Claude calls the MCP tool, which hits langgraph dev’s /mcp endpoint, which invokes the LangGOAP code_review graph. The graph plans (fetch_diff analyze run_static_checks draft_review post_review), executes each action, and returns the final world_state — review posted to GitHub.

What just happened (architecturally)#

  • LangGOAP wrote zero MCP code.
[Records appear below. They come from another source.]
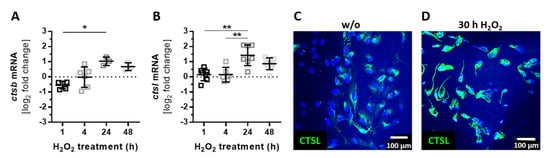 The expression of intracellular proteases was increased by oxidative stress in ARPE-19. (A) Ctsb and (B) ctsl mRNA expression increased 24 h after H2O2 treatment. This effect was confirmed on the protein level in immunostainings using an (C,D) anti-CTSL (green) antibody. (A,B) Mean with standard deviation is shown, * p ≤ 0.05, ** p ≤ 0.01, dotted line depicts untreated control; (C) w/o untreated control.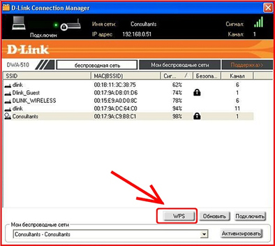 - Откройте список доступных беспроводных сетей. Если адаптер поддерживает функцию WPS, то нет необходимости выбирать нужную сеть, просто нажмите кнопку WPS: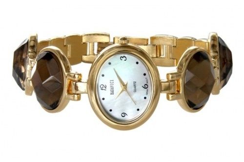 WOMEN'S BADAVICI SMOKEY QUARTZ GEMSTONE BRACELET WATCH - 18K GOLD PLATING - STAINLESS STEEL CASE-BACK - MOTHER OF PEARL DIAL WITH GOLD TONE ARABIC NUMBERS AT THE 3, 6, 9 AND 12 POSITIONS AND GOLD TONE HOUR, MINUTE AND SECOND HANDS - STAINLESS STEEL CASE BACK - FOUR LARGE 15 X 20 MM CHECKERBOARD FACETED OVAL SMOKY QUARTZ (14.40 CTS PER PIECE / TOTAL 57.6 CTW PER PEICE) - 7.75" OVERALL LENGTH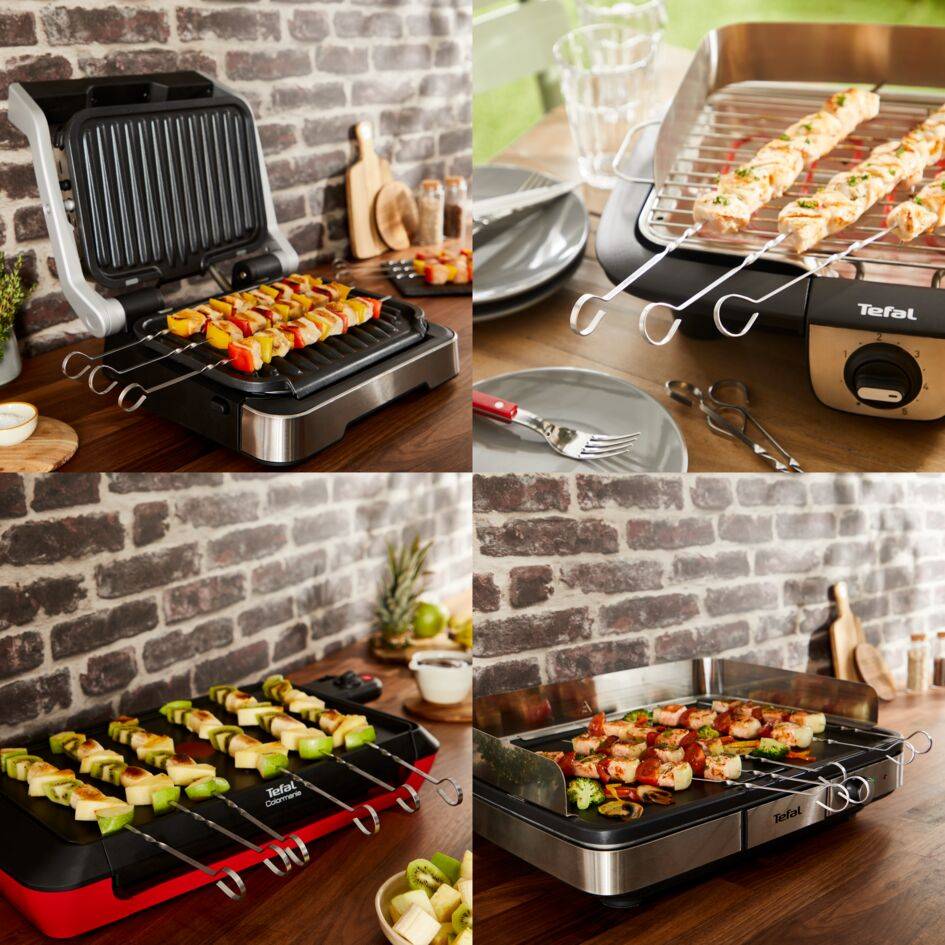 Nuestros accesorios para asar son óptimos para usar con una amplia gama de tus productos Tefal favoritos, desde OptiGrill y la Plancha eléctrica hasta la Barbacoa EasyGrill. Además, son compatibles tanto con rejillas de acero inoxidable como con superficies antiadherentes, lo que garantiza una versatilidad total y un uso práctico en el día a día.

The transport, tool listing, request lifecycle, and JSON-RPC framing are all LangGraph’s responsibility — exactly the layering CLAUDE.md’s first-class LangChain ecosystem citizen rule prescribes.

  • The user-facing surface from LangGOAP is two things: the GoapGraph builder you already write, and the scaffold_deployment helper that gets you to a deployable directory in one call.

  • Every other MCP feature LangGraph adds in the future (streaming progress events, capability negotiation, multi-tool deployments, authentication) flows through automatically — we don’t have to re-implement them in LangGOAP.

  • For deployments that need richer MCP tool descriptions than the TypedDict-derived defaults (e.g. semantic info from GoalSpec), the right home for that enhancement is upstream in langgraph-api rather than a parallel layer here.

See langgoap/integrations/langgraph_deploy.py for the scaffolder source and tests/integration/test_langgraph_deploy_scaffold.py for the integration-test contract this notebook builds on.

Next steps#

  • Replace the stub execute callables with real GitHub / LangChain tool calls; the scaffolder makes no assumption about action implementations.

  • Pair langgoap deploy-init with langgraph dev for local iteration; switch to langgraph deploy for hosted production deployments. Both serve /mcp by default.

  • See examples/tutorials/deepagents_integration.ipynb for embedding a GoapGraph as a tool inside another agent instead of (or in addition to) deploying it standalone.